### Task brief
With pictures left out, only the lines from the one containing "TE Model / Part" through the end of the records should be reproduced exactly, please.
--- Data extract ---
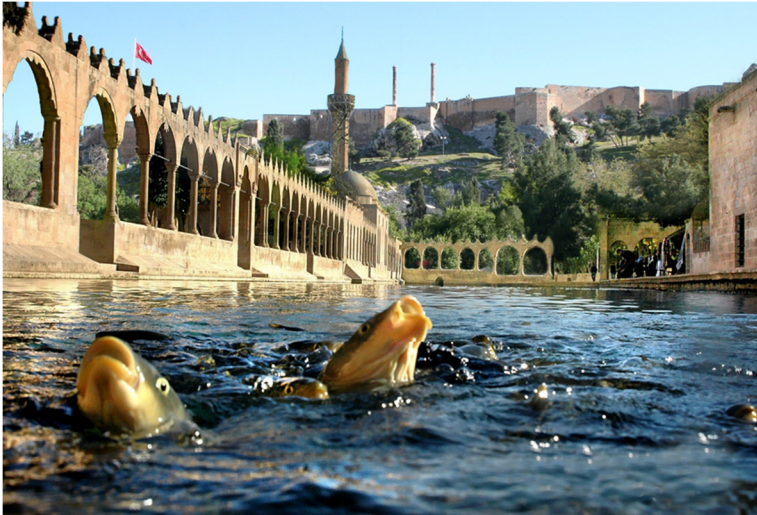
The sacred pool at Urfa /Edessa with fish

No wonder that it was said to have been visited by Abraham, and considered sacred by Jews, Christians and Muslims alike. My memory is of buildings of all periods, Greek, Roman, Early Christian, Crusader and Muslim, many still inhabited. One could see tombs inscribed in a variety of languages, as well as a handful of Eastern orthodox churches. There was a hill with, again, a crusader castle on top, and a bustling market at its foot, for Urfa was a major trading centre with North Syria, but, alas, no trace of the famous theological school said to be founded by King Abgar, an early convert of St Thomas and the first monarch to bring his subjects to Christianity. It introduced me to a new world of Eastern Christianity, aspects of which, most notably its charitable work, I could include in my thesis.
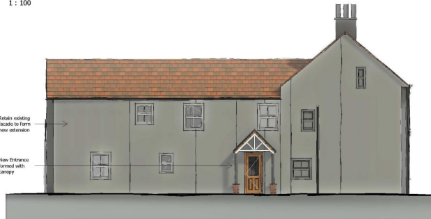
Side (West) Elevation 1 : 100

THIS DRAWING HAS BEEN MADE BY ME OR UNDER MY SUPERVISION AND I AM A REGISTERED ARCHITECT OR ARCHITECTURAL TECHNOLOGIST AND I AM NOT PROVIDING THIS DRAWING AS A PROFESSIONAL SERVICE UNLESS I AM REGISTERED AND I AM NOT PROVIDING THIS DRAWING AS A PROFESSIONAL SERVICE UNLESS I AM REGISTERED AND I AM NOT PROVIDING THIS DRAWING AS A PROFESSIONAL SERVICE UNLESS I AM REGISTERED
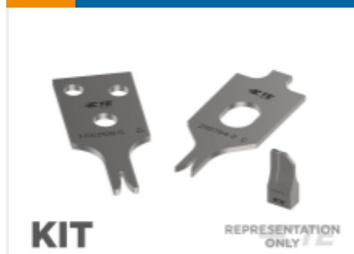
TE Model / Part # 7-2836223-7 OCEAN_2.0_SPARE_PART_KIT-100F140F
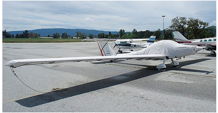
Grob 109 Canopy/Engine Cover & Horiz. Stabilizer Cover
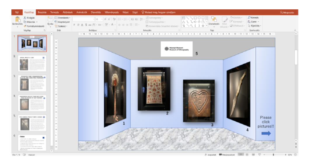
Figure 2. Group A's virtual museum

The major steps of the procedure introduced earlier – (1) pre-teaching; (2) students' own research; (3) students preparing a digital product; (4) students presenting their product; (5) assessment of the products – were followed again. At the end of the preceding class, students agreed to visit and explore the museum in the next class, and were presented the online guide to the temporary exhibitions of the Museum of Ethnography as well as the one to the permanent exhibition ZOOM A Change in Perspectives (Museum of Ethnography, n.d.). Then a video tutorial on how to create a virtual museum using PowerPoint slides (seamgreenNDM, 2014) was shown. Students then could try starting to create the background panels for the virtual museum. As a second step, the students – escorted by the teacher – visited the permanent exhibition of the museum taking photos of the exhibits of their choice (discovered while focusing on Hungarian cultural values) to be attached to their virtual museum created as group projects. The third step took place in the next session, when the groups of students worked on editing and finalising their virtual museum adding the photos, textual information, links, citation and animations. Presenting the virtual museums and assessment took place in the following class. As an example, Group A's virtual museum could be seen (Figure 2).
---
### Reply
TE Model / Part # 7-2836223-7 OCEAN_2.0_SPARE_PART_KIT-100F140F
Grob 109 Canopy/Engine Cover & Horiz. Stabilizer Cover
Figure 2. Group A's virtual museum

The major steps of the procedure introduced earlier – (1) pre-teaching; (2) students' own research; (3) students preparing a digital product; (4) students presenting their product; (5) assessment of the products – were followed again. At the end of the preceding class, students agreed to visit and explore the museum in the next class, and were presented the online guide to the temporary exhibitions of the Museum of Ethnography as well as the one to the permanent exhibition ZOOM A Change in Perspectives (Museum of Ethnography, n.d.). Then a video tutorial on how to create a virtual museum using PowerPoint slides (seamgreenNDM, 2014) was shown. Students then could try starting to create the background panels for the virtual museum. As a second step, the students – escorted by the teacher – visited the permanent exhibition of the museum taking photos of the exhibits of their choice (discovered while focusing on Hungarian cultural values) to be attached to their virtual museum created as group projects. The third step took place in the next session, when the groups of students worked on editing and finalising their virtual museum adding the photos, textual information, links, citation and animations. Presenting the virtual museums and assessment took place in the following class. As an example, Group A's virtual museum could be seen (Figure 2).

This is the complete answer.